Читаем Роман А.С. Пушкина «Евгений Онегин». Комментарий полностью

Высказывания эти столь же легко умножить, как и показать их необоснованность, преувеличенность или хронологическую невозможность. Однако сущность вопроса не в опровержении той или иной из многочисленных версий, потом многократно умножавшихся в околонаучной литературе, а в самой потребности дать образам ЕО плоско-биографическое истолкование, объяснив их как простые портреты реальных знакомых автора. При этом вопрос о творческой психологии П, о художественных законах его текста и путях формирования образов полностью игнорируется. Такое неквалифицированное, но весьма устойчивое представление, питающее мещанский интерес к деталям биографии и заставляющее видеть в творчестве лишь цепь не лишенных пикантности интимных подробностей, заставляет вспомнить слова самого П, писавшего Вяземскому в связи с утратой записок Байрона: «Мы знаем Байрона довольно.
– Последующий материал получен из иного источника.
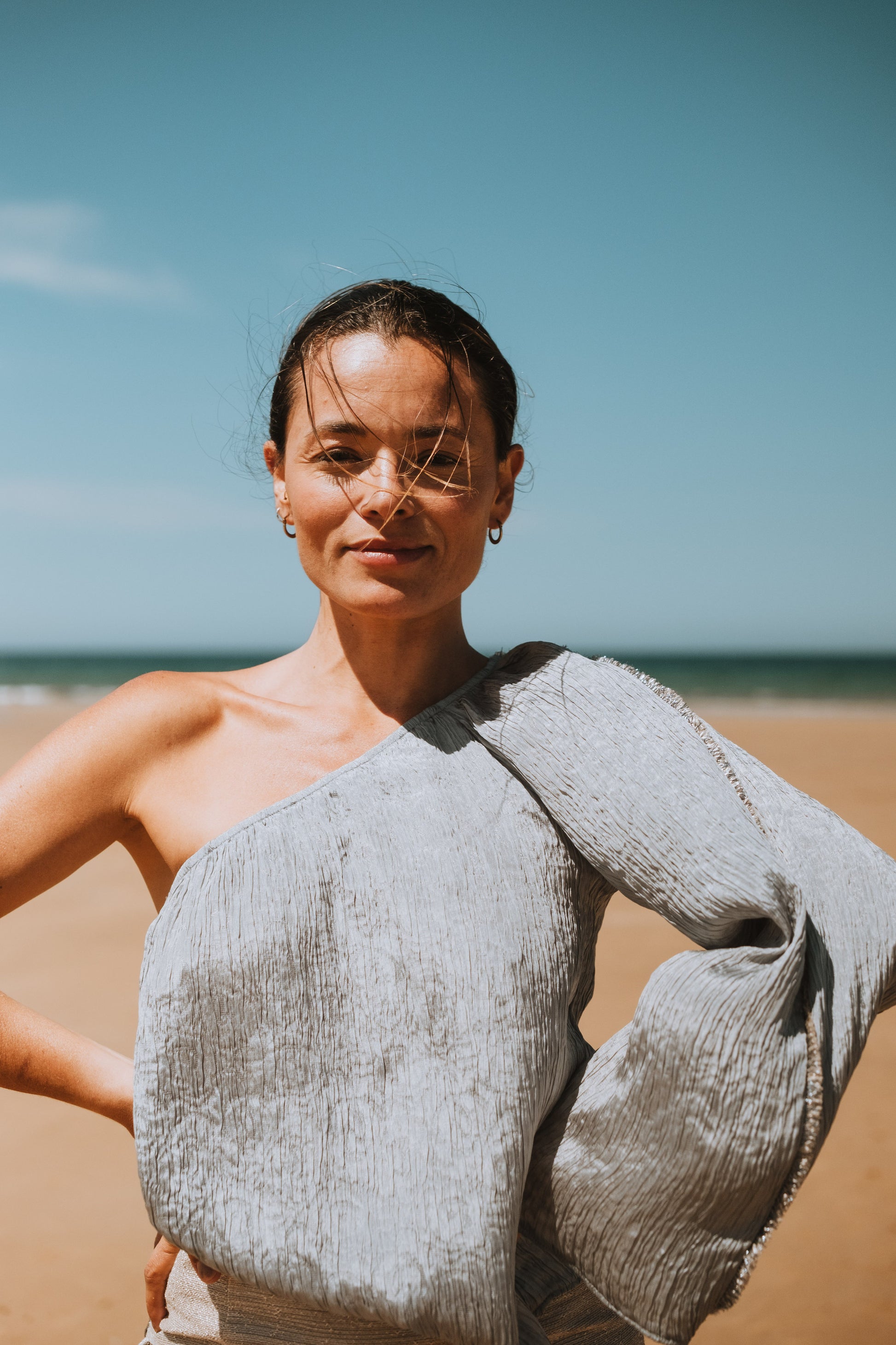Silk blouse exudes understated elegance with its gentle hue. Its versatile design makes it a perfect choice for both casual and formal occasions.

Видели его на троне славы, видели в мучениях великой души, видели в гробе посреди воскресающей Греции. – Охота тебе видеть его на судне. Толпа жадно читает исповеди, записки etc., потому что в подлости своей радуется унижению высокого, слабостям могущего. При открытии всякой мерзости она в восхищении. Он мал, как мы, он мерзок, как мы! Врете, подлецы: он и мал и мерзок – не так, как вы – иначе» (XIII, 243–244).

Об этом можно было бы не говорить, если бы реальный и имеющий научно-биографический интерес вопрос о прототипах пушкинских образов слишком часто не подменялся домыслами о том, кого из своих знакомцев П «вклеил» в роман[5].

Отзвуки излишнего «биографизма» в понимании творческих процессов чувствуются даже во вполне серьезных и интересных исследованиях, таких, как ряд разысканий в специальном пушкинском номере альманаха «Прометей» (Т. 10. М., 1974). Проблема прототипов пушкинского романа нередко рассматривается с неоправданным вниманием в полезных популярных изданиях.

В связи с этим можно оставить без внимания рассуждения вроде: «Был ли у Татьяны Лариной реальный прототип? На протяжении многих лет ученые-пушкинисты не пришли к единому решению. В образе Татьяны нашли воплощение черты не одной, а многих современниц Пушкина. Может быть, мы обязаны рождением этого образа и черноокой красавице Марии Волконской, и задумчивой Евпраксии Вульф…

Но в одном сходятся многие исследователи: в облике Татьяны-княгини есть черты графини, которую вспоминает Пушкин в “Домике в Коломне”. Юный Пушкин, живя в Коломне, встречал молодую красавицу графиню в церкви на Покровской площади…» (Раков Ю. По следам литературных героев. М., 1974. С. 32). Хотелось бы лишь отметить, что на основании подобных цитат у неосведомленного читателя может создаться совершенно превратное впечатление относительно забот и занятий «ученых-пушкинистов».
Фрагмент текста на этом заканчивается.